[What this task involves]:
Could you copy exactly the lines from the start of the records through the one containing "和平西苑社区小黄庄路也出现树", both included, and leave out the pictures?

[Records shown]:

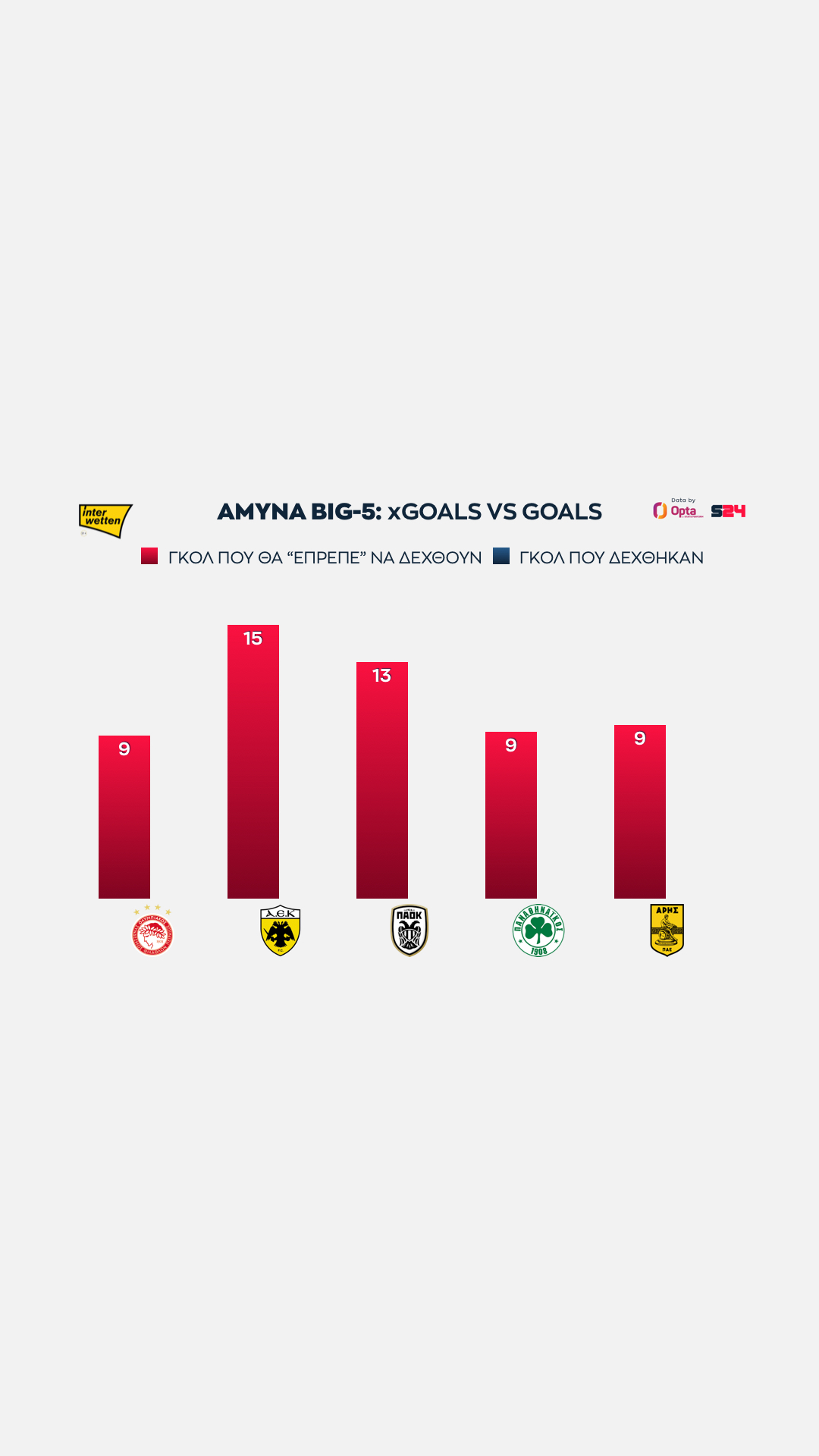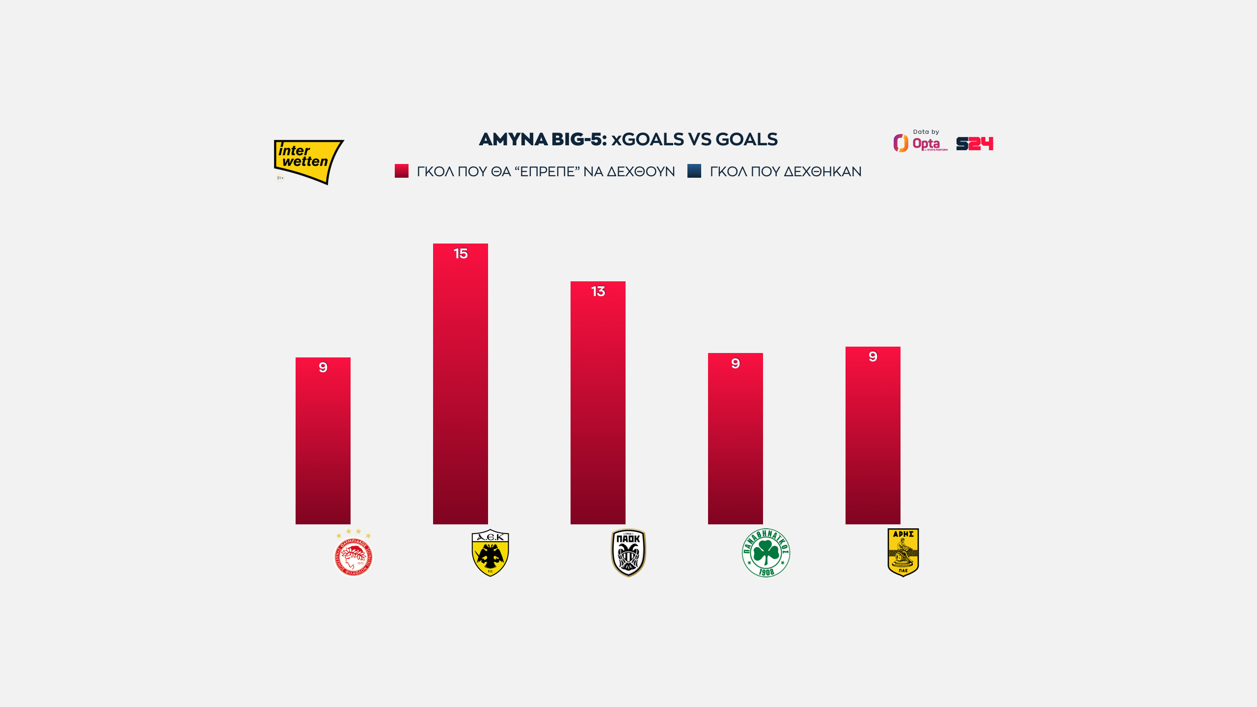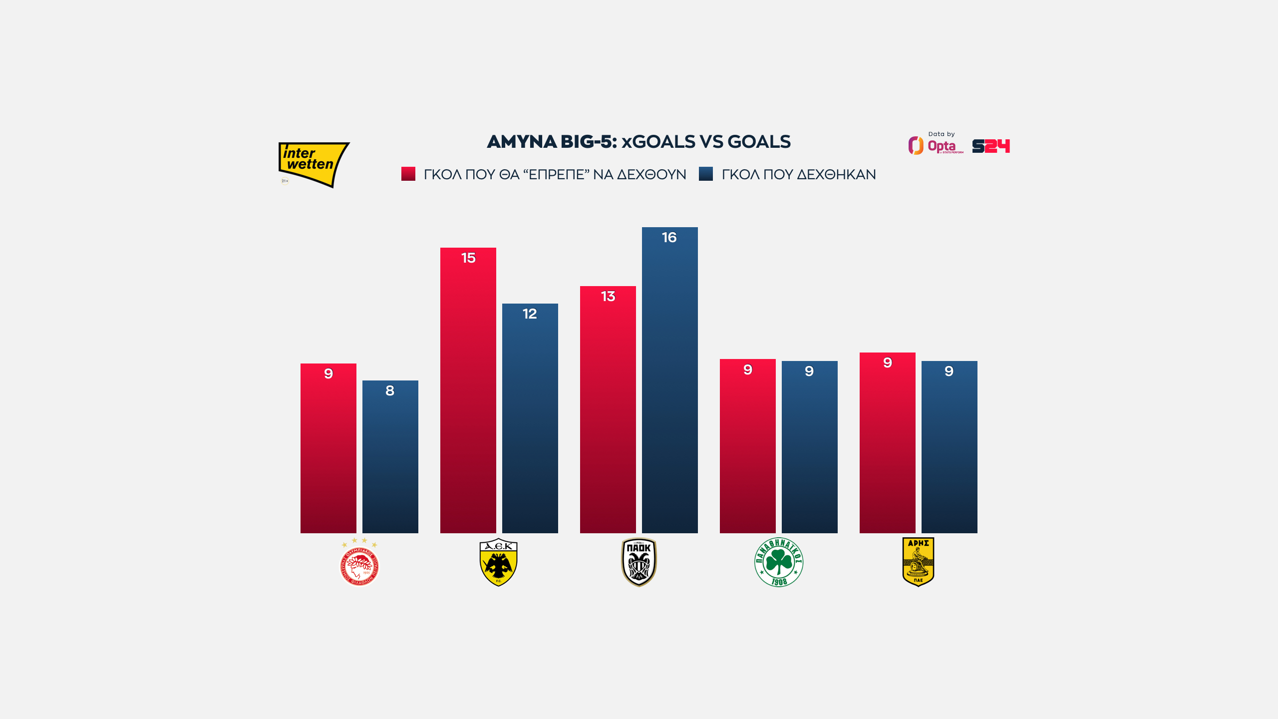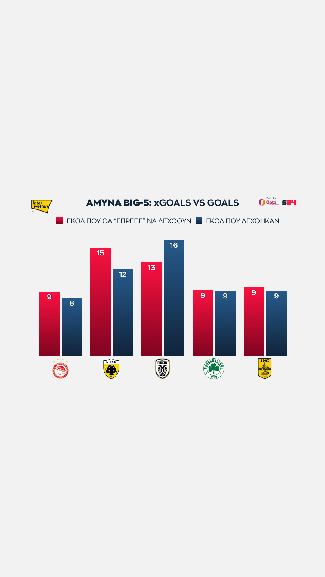 Ολυμπιακός και ΑΕΚ στα ίσια, με 16 xGoals, ενώ πιο κάτω στα 14 είναι "ευθυγραμμισμένοι" ΠΑΟΚ, Παναθηναϊκός και Άρης.
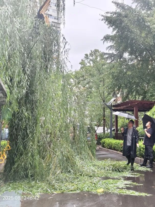 和平西苑社区小黄庄路也出现树枝折断情况,街道迅速上报绿化队,专业人员不仅高效清理断枝,更将路面彻底清扫干净,确保道路恢复畅通,保障行人与车辆通行安全。
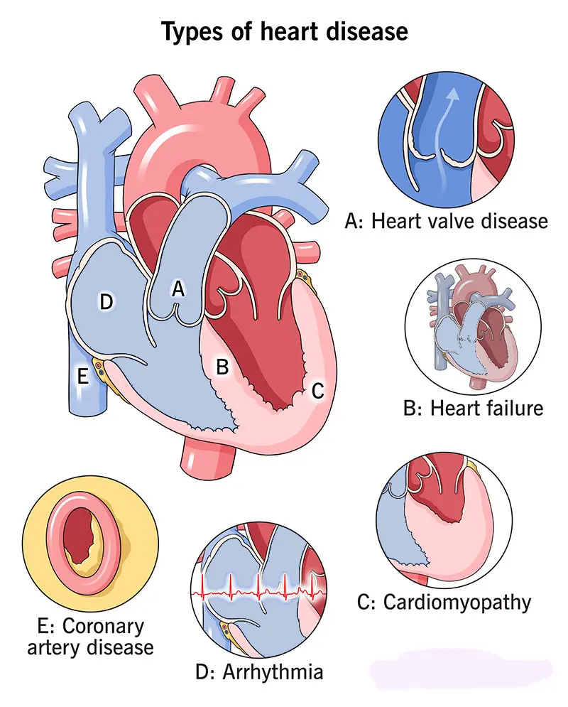 Heart disease is a broad term that refers to several types of conditions affecting the heart. The most common form is coronary artery disease, which involves narrowing or blockage of the coronary arteries that supply blood to the heart muscle. Other types include heart rhythm problems, heart valve disease, congenital heart defects, and diseases of the heart muscle. Heart disease …
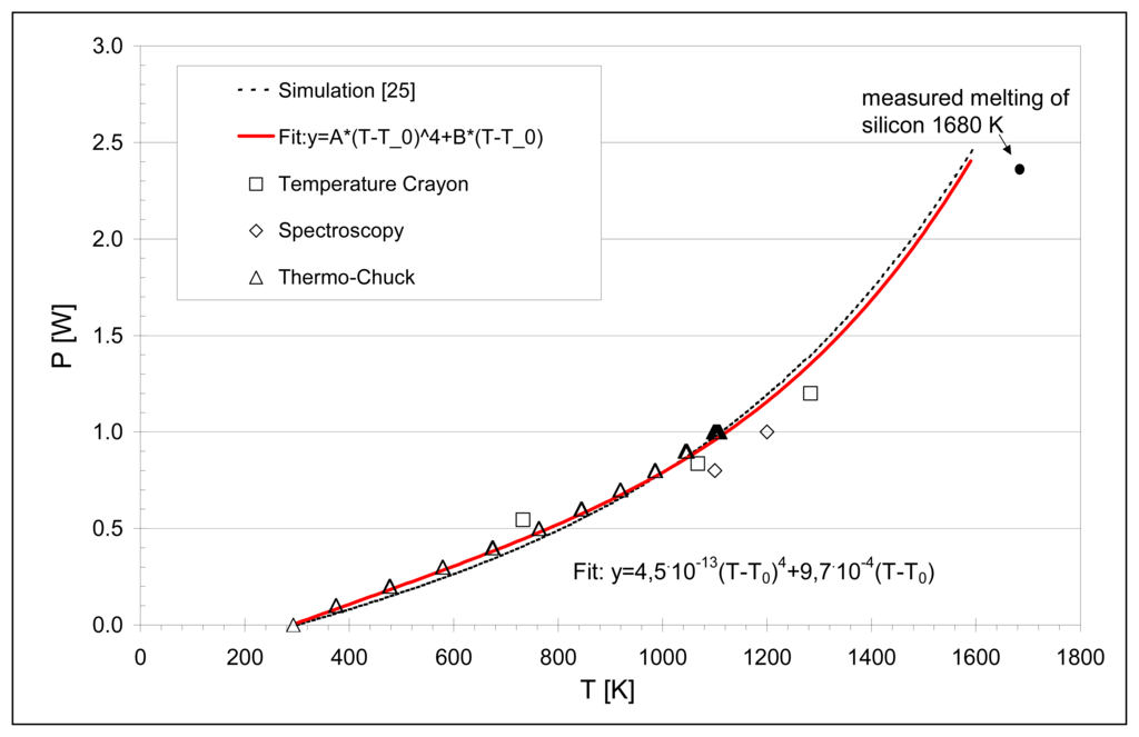 Bearing IR emitter applications in mind, relatively large hotplates were designed with heated areas as large as 1500 x 1500 μm2. For this reason our hotplates do not conform to the low power consumption values of our previously designed hotplates where we aimed at gas sensing applications [4]. Instead of the 50 – 100 mW power consumption at 700 K there, the power consumption of our present devices amounts to about 500 mW at this same temperature. Fig. 4 below shows that the power consumption increases roughly linearly from room temperature (T0 ∼ 290 K) up to about 800 K. Thereafter - up to the melting point of the Si support structure - the power consumption increases in a supra-linear fashion with (T – T0) due to a dominating increase of IR radiation. As indicated in Fig. 4, a temperature calibration of the hotplate devices had been performed by a number of independent techniques. In the first set of measurements, the devices were passively heated on a thermo chuck and the built-in Pt thermometer was used to measure the membrane temperature (triangles); in the second kind of measurement, the devices were actively heated and the melting points of special temperature-indicator crayons (squares) were used to assess the membrane temperature; in the third set of measurement, IR emission spectroscopy (diamonds) was used to estimate the membrane temperature. Results of all tree measurement principles have been included to create the polynomial fit shown as solid line in Fig. 4. The plot exhibits that every measurement method reproduced comparable values of the membrane temperature, consistent with a thermal resistor modelling of the hotplate structures [25].
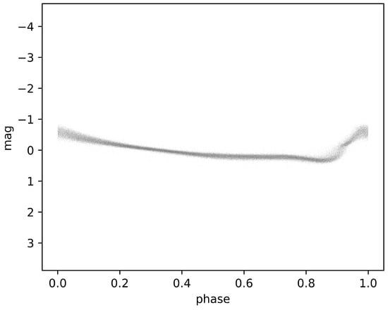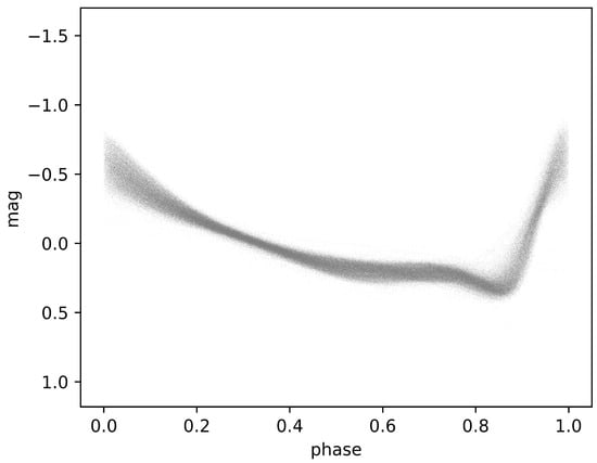 where T represents the observation time and denotes the epoch at the maximum light of the source during the pulsation cycle that is expressed in Barycentric Julian Day (BJD) for Gaia’s sources, and P is a pulsation period. As shown in Figure 1, following the application of the aforementioned method, our dataset for training deep-learning models is composed of 6002 G-band light curves of RR Lyrae stars.
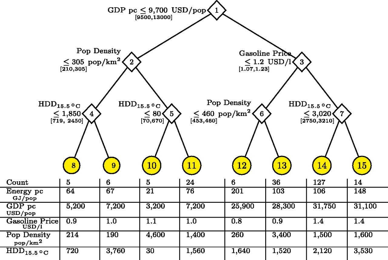 经济活动将城市划分为顶层(节点1)、人口密度和汽油价格第二级(节点2和3)以及第三级(节点4-7)的HDD和人口密度。因此,出现了八种类型的城市(节点8-15)
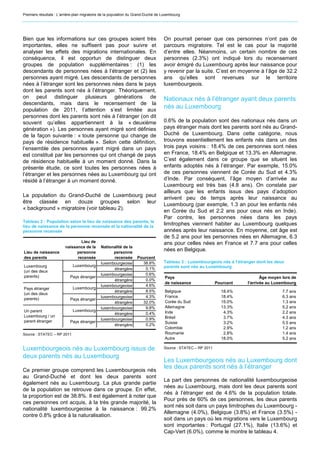 61.2% de la population du Grand-Duché de Luxembourg a un arrière-plan migratoire, avec 40.1% nés à l'étranger. Les nationalités les plus représentées parmi les étrangers incluent les Portugais, Français, Italiens et Belges. La population est diversifiée, avec des personnes naturalisées et des descendants d'immigrés constituant une part significative de la société luxembourgeoise.

[Task answer]:
 Ολυμπιακός και ΑΕΚ στα ίσια, με 16 xGoals, ενώ πιο κάτω στα 14 είναι "ευθυγραμμισμένοι" ΠΑΟΚ, Παναθηναϊκός και Άρης.
 和平西苑社区小黄庄路也出现树枝折断情况,街道迅速上报绿化队,专业人员不仅高效清理断枝,更将路面彻底清扫干净,确保道路恢复畅通,保障行人与车辆通行安全。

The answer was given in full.